Courts have disagreed about whether a witness's failure to identify the defendant in a pretrial photo array makes her subsequent in-court identification unreliable. In the Seventh Circuit, "the fact that a witness could not positively identify the defendant in a pre-trial identification procedure does not automatically render that witness's subsequent in-court identification inadmissible." United States v. Miller, 795 F.3d 619, 628-29 (7th Cir. 2015); Lee, 750 F.3d at 690-92; Johnson v. McCaughtry, 92 F.3d 585, 597 (7th Cir. 1996). Although such an in-court identification "may not [be] especially convincing," it is admissible when the defense has an "adequate opportunity to cross examine [the witness] and to make clear to the jury that [the witness] was unable to pick [the defendant] out of the photo array." Johnson, 92 F.3d at 597. In one case, the Seventh Circuit supported its reliability finding by pointing to facts suggesting that the witness had an opportunity to observe the defendant. Lee, 750 F.3d at 692. In contrast, the Third Circuit concluded that the "failure [of the witness to identify the defendant's photo in the array], coupled with the highly suggestive viewing of the defendant in conditions reeking of criminality [because he was escorted by her in shackles], bolstered by the comments of another witness, render the in-court identification unreliable." Emanuele, 51 F.3d at 1131. According to that court, the witness's "protracted and clear view of the robber highlight[ed] [her] failure to select defendant's photo in the array." Id. at 1130.

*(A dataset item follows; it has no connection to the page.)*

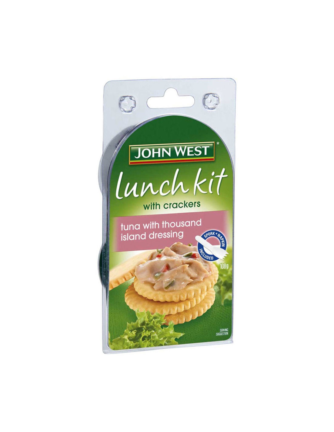 Lunch kit contains tuna with Thousand Island dressing, crackers and a spork.
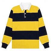 More information about Men's Stripes Rugby Polo Long Sleeve Polo Shirts Collared Shirts Casual School Outdoor Athleisure 3D Print Spring Fall Yellow

Here, the victim, J.T., had close contact with her assailant for an extended period of time and was able to report on their interactions in detail, so there is good reason to believe that she knows what he looks like. This interaction was much more extensive than what the witness had with the robber in Emanuele. See Emanuele, 51 F.3d at 1127 (stating that the witness had "several minutes" to observe the robber). Furthermore, it would have been difficult for J.T. to provide a positive identification based on the photo array, because the photo was blurry. In contrast, the court in Emanuele did not identify any problems with the defendant's photograph in the array. See id. at 1127, 1129-31. It would be easier for J.T. to recognize her assailant in person than in the fuzzy photograph. Therefore, her inability to identify defendant in the photo array after the incident does not undermine the reliability of a potential in-court identification. The fact that the trial will be about one year after the incident does not bolster the reliability of an in-court identification, but it does not destroy it either, since it is routine for the jury to need to weigh the reliability of witnesses' recollections after that length of time. See, e.g., Miller, 795 F.3d at 629 (finding no due process violation in identification 18 months after incident, despite failure to identify defendant during pretrial procedure); Lee, 750 F.3d at 692 (finding identification reliable nine months after the incident, despite failure to identify defendant in pretrial photo array). In sum, if J.T. is able to identify defendant with confidence at trial, that identification will be sufficiently reliable that it should be admitted, so that the jury can evaluate its reliability.

CONCLUSION

For the reasons discussed above, defendant's motion to preclude in-court identification of defendant Charles Morgan is denied.

FootNotes


1. The indictment cites § 2250(c) for commission of a crime of violence while failing to register as a sex offender, but Congress re-designated that section as § 2250(d) as of Feb. 8, 2016.
2. The Court paraphrased its standard in Perry as requiring "improper" law enforcement conduct before a reliability analysis of an out-of-court identification procedure is necessary, 565 U.S. at 245, 132 S.Ct. 716, but it is not clear that the label makes sense for in-court identifications. Whereas law enforcement should always strive to minimize the suggestiveness of pretrial identification procedures and thus acts improperly when it fails to do so, it cannot change the fact that in-court identifications are inherently suggestive. Whether asking for an in-court identification is proper, despite its suggestiveness, depends on whether the identification is reliable or merely an attempt to circumvent the due process constraints on one-man showups.